Collected data entries:
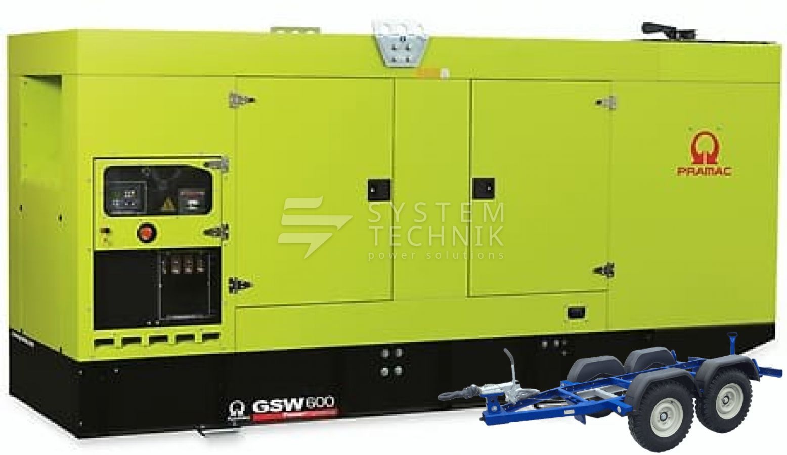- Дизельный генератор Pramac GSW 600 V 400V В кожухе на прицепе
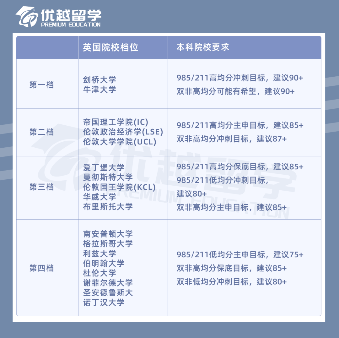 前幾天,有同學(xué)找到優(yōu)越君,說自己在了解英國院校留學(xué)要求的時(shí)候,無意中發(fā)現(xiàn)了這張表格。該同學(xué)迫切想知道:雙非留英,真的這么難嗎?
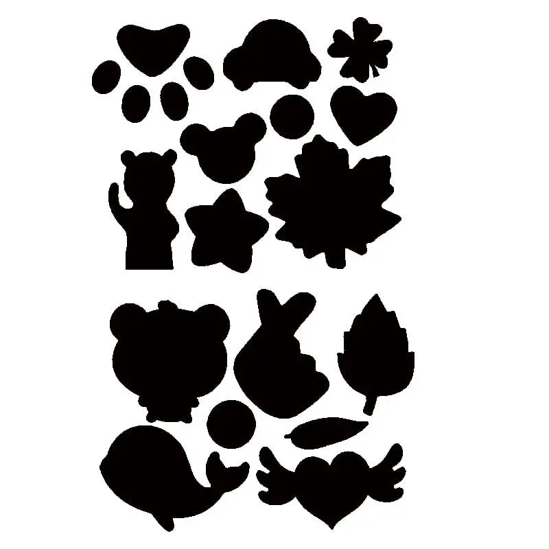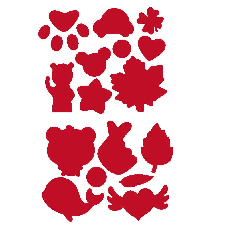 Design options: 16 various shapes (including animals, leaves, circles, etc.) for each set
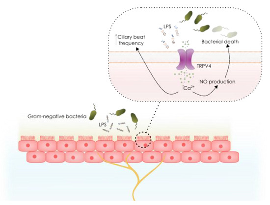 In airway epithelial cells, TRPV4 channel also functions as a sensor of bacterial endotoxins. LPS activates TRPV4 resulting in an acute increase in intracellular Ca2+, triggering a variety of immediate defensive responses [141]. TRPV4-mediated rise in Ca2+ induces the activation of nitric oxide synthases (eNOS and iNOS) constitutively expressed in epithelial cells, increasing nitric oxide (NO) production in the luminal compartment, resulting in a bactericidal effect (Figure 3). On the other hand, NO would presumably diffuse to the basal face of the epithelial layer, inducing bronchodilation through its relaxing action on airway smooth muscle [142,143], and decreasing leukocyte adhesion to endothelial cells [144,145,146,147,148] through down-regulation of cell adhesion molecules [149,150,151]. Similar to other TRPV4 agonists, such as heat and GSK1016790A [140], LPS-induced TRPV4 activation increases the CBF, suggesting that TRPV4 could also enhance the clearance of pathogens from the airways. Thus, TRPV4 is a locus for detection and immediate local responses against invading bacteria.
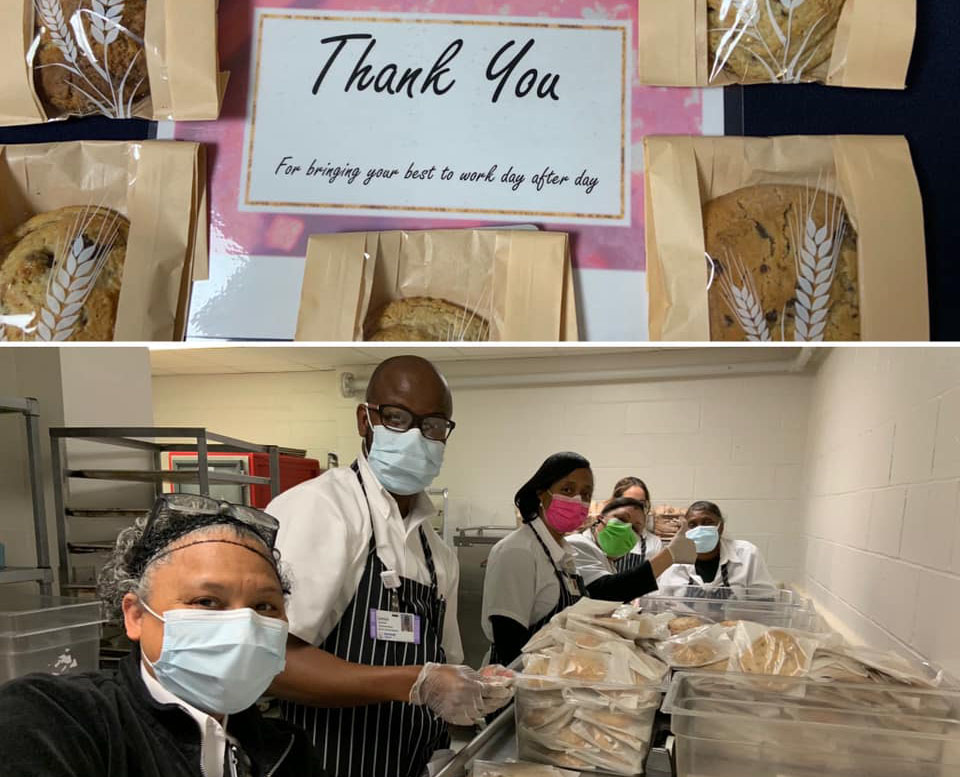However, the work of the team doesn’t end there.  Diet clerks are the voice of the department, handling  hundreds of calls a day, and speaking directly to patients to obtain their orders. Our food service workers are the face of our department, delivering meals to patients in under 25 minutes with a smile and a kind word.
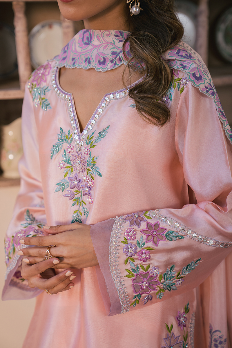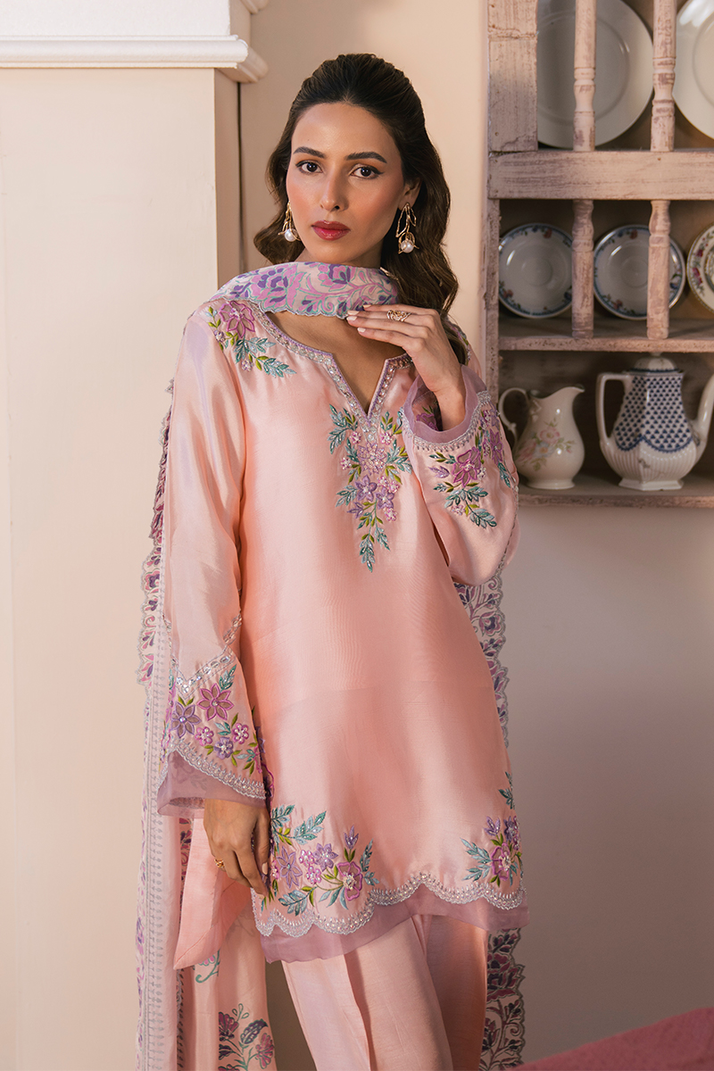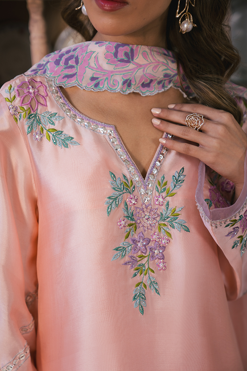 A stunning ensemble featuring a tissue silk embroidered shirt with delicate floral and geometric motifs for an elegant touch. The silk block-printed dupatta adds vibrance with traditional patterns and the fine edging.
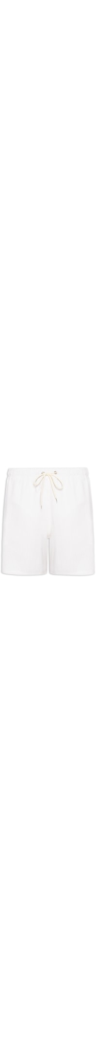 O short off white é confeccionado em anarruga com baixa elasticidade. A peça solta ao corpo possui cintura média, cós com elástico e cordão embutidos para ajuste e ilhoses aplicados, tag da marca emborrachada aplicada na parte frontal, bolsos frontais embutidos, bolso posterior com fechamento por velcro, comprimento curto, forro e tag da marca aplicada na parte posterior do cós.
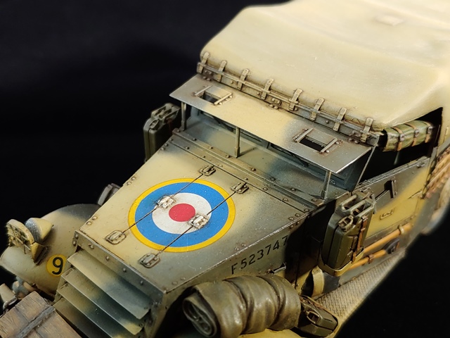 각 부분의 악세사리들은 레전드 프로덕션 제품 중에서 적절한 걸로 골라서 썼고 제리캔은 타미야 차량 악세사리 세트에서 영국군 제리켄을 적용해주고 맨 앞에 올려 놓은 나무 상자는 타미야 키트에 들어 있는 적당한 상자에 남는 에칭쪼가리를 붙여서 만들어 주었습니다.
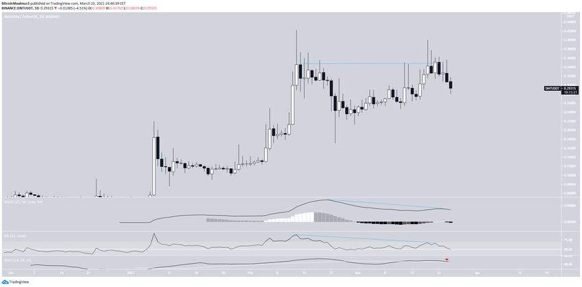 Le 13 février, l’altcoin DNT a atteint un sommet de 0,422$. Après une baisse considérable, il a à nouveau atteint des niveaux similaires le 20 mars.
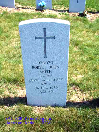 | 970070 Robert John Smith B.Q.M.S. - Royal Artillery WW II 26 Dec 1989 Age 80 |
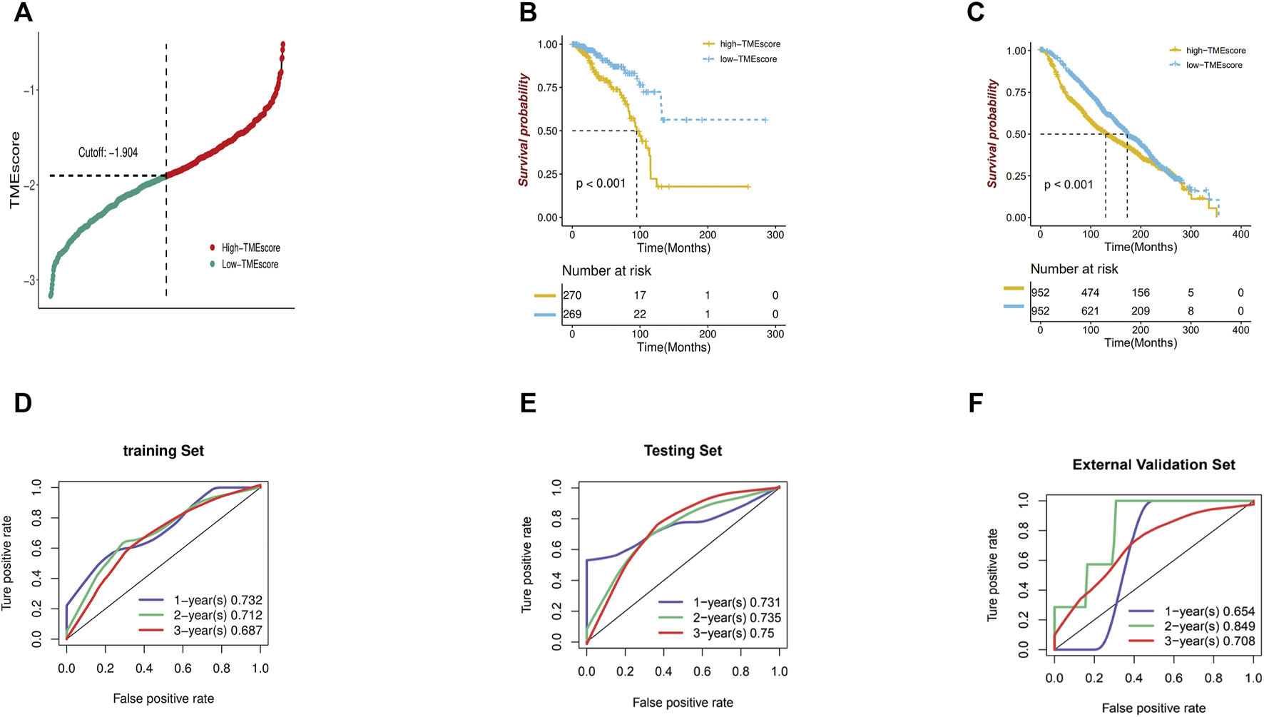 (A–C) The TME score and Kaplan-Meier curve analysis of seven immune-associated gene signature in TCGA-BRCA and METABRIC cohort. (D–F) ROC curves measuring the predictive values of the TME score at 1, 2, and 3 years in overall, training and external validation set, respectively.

● **What the exercise asks**: What you give back must match the lines from the start of the records through the line that contains "Design options: 16", exactly, with the pictures left out.

● **Answer to this task**:
- Дизельный генератор Pramac GSW 600 V 400V В кожухе на прицепе
 前幾天,有同學(xué)找到優(yōu)越君,說自己在了解英國院校留學(xué)要求的時(shí)候,無意中發(fā)現(xiàn)了這張表格。該同學(xué)迫切想知道:雙非留英,真的這么難嗎?
 Design options: 16 various shapes (including animals, leaves, circles, etc.) for each set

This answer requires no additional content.